Так, по приглашению Людвига I Баварского, который стремился создать вокруг себя ореол славы и великолепия и нуждался в художнике «большого стиля», Корнелиус в 1819 г. переехал в Мюнхен для работы над росписями мюнхенской Глиптотеки (1820—1830). Здесь на темы античной мифологии он расписал «Зал богов», «Зал героев» и вестибюль. Эти огромные по размерам, многофигурные композиции эклектичны, надуманны. Исполненные по картонам художника главным образом его учениками, они неровны по мастерству и резки по беспокойному цветовому решению. По картонам Корнелиуса писали его ученики фрески лоджий Старой пинакотеки (1826—1840) и церковь св. Людовика (1829—1840) в Мюнхене. Незавершенными остались работы над картонами фресок для Берлинской королевской усыпальницы, в которых художник измельчил композиции введением большого количества орнаментальных мотивов. Среди рисунков картонов выделяются лишь «Апокалиптические всадники» (ок. 1843; Берлин, Национальная галлерея). Безудержный порыв скачущих по человеческим телам коней небесных мстителей выражен точным уверенным рисунком, однако и эта работа Корнелиуса лишена того глубокого социального смысла, который вкладывал в свое творение великий немецкий мастер 16 в. Дюрер. Корнелиус последовательно занимал пост директора Дюссельдорфской, Мюнхенской, а затем Берлинской Академий художеств.

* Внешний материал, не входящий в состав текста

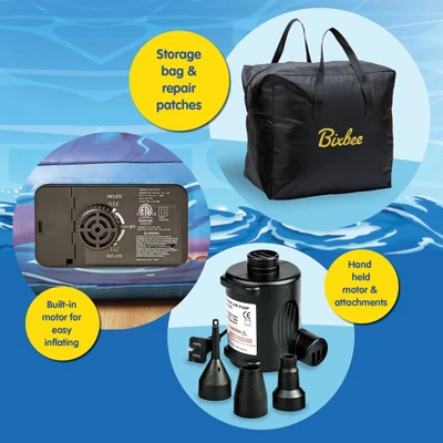 “Whether you have buccaneers swabbing the decks or youâre in need of lodgings for stowaways, the Bixbee Buccaneer Pirate Ship: Inflatable Mattress & Playspace is what the captain ordered! The multifunctional Buccaneer Pirate Ship Playspace will keep your heartiesâ imaginations ignited during playtime and as an inflatable mattress, will help them rest easy on the open seas of dreamland.The detailed story-book graphics will have the mateyâs reciting the Pirateâs Code and heading out on adventures through Bixbeeâs Pirate Island. Mapped out on the shipâs deck, your pirates can head to the Parrot Shoppe to collect a new pet parrot or down to the Treasure Chest Wood Shoppe for a new treasure chest to hold all the goodies you will find. The fearless seadogs will use the inflatable toy shipâs wheel and sword to navigate Alligator Alley and befriend the sharks on Sharkâs Beach.As an inflatable mattress, keeping sleeping quarters for stowaways has never been easier. With an integrated motor in base and self-closing valves, your guests can rest easy. When your hearties are finally ready to drop anchor and rediscover their sea legs, the Buccaneer Pirate Ship includes a bag for easy storage.Arrr-ours of fun ahead!”

Как и Корнелиус, официально признан был и Юлиус Шнорр фон Карольсфельд (1794—1872). Его ранняя работа «Св. Рох, раздающий милостыню» (1817; Лейпциг, Музей)— подражание старым немецким и итальянским мастерам. По поручению Людвига I Шнорр расписывал Мюнхенский дворец композициями на сюжеты «Песни о Нибелунгах» и эпизодами из жизни Карла Великого, Фридриха Барбароссы, Рудольфа Габсбургского (1827—1848). Его многочисленные рисунки «Библия в картинах» (изданные в 1860 г.), принесшие ему большую популярность,—шаблонны и сентиментальны.
Признанными академиками закончили свой творческий путь и другие искатели «истинного монументального христианского искусства». Выступая с апологетикой королевской власти и католической церкви, они нашли признание монархических правительств и отдали свое творчество на службу открытой политической и церковной реакции. Резкой критике подвергал назарейцев в своем обзоре европейского искусства 19 в. В. В. Стасов: «Они вышли все подражателями и маньеристами, несовершенными по художественным своим средствам и еще более несовершенными по коренному духу своему. Все равно, к чему ни направлялись их усилия: к грандиозному ли, как у Корнелиуса и Каульбаха, или приторно-сентиментальному и старообрядческому, как у Овербека...» [27]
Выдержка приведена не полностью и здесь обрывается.